La idea iba creciendo en una nebulosa formal todavía imposible de plasmar sobre el papel.

¿Qué sería?, ¿un diario? No, demasiado mecanicista y, sobre todo, necesariamente enfocado desde un punto de vista único. Cualquier tipo de narrativa tradicional me abocaría a perder ese sentido de universalidad, ubicua y concreta al mismo tiempo, y de multiplicidad de voces contrastadas y simultáneas, dialécticamente concomitantes.

Pero, sobre todo, me faltaba la condición de ser necesaria para que la novela escapara completamente de lo anecdótico.

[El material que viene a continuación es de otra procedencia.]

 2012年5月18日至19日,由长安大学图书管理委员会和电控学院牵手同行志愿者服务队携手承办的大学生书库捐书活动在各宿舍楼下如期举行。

Y, después de años de recopilar material, ideas sueltas, impresiones, motivos temáticos..., el verano de 2011 me sorprendió con una reacción generalizada a unas instrucciones de principio de curso de nefastas consecuencias, que extremaban la degradación de la escuela pública con unos recortes bestiales, y con una movilización como hacía muchos años que no se producía entre el colectivo, un grito en defensa de la educación pública que, por primera vez, aglutinaba a docentes, alumnos y padres, puño con puño, voz con voz, unánimes, dando lugar a lo que se conoció como la "marea verde".

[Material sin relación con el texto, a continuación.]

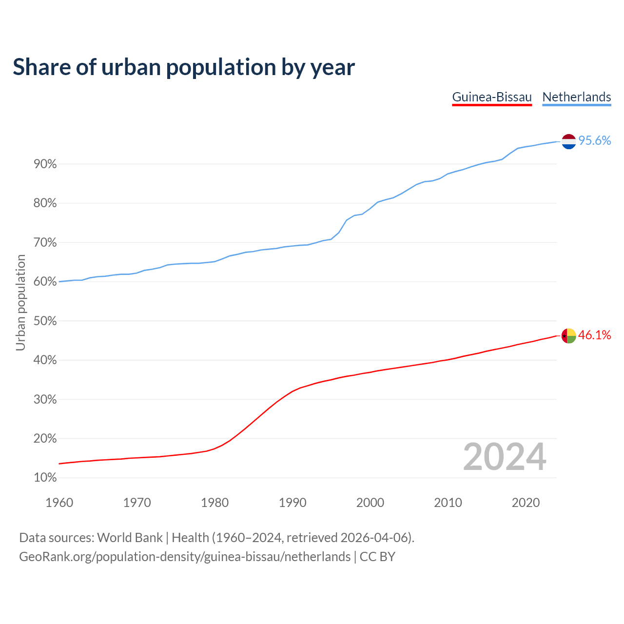 From 2006 to 2026, population density in Guinea-Bissau increased by 62.4%, compared to a 11.8% growth in the Netherlands.

¡Ahí tenía la razón de ser del proyecto!

La disección no de un año académico cualquiera en la vida de un profesor, sino de aquel curso concreto, plasmar la realidad de la Marea Verde, revivirlo en su desarrollo casi instante a instante, desde las múltiples ópticas que me ofrecía el debate sobre educación mantenido no sólo en las salas de profesores, sino en las calles, en las redes sociales, en los movimientos que surgían desde el compromiso social.

No podía ser una obra autobiográfica, aunque la mayor parte del material ha de partir necesariamente de la experiencia, propia y compartida. Para ello, adopté la voz de una protagonista femenina, Carmen Mora, profesora de lengua, para escapar de los condicionantes de mi particular experiencia en lenguas clásicas, y recreé un instituto ficticio que se alimentara con mis vivencias en los múltiples institutos por los que me ha ido zarandeando mi condición de profesor desplazado durante mis últimos doce años de profesor.

En ello estoy, a por ello voy. El proyecto va tomando forma, va creciendo desmesuradamente, de manera que no sé si terminará siendo una novela, una ficción seriada en tomos o libros diversos, o un auténtico monstruo. Puede que incluso el resultado sea editorialmente inviable, es muy factible que así sea.

En cualquier caso, cuando lo concluya, porque ya no me cabe otra, resulte lo que resulte, no será un epitafio ni unas memorias, sino mi auténtica despedida, una despedida sin adiós, un hasta siempre desde el amor y desde el compromiso.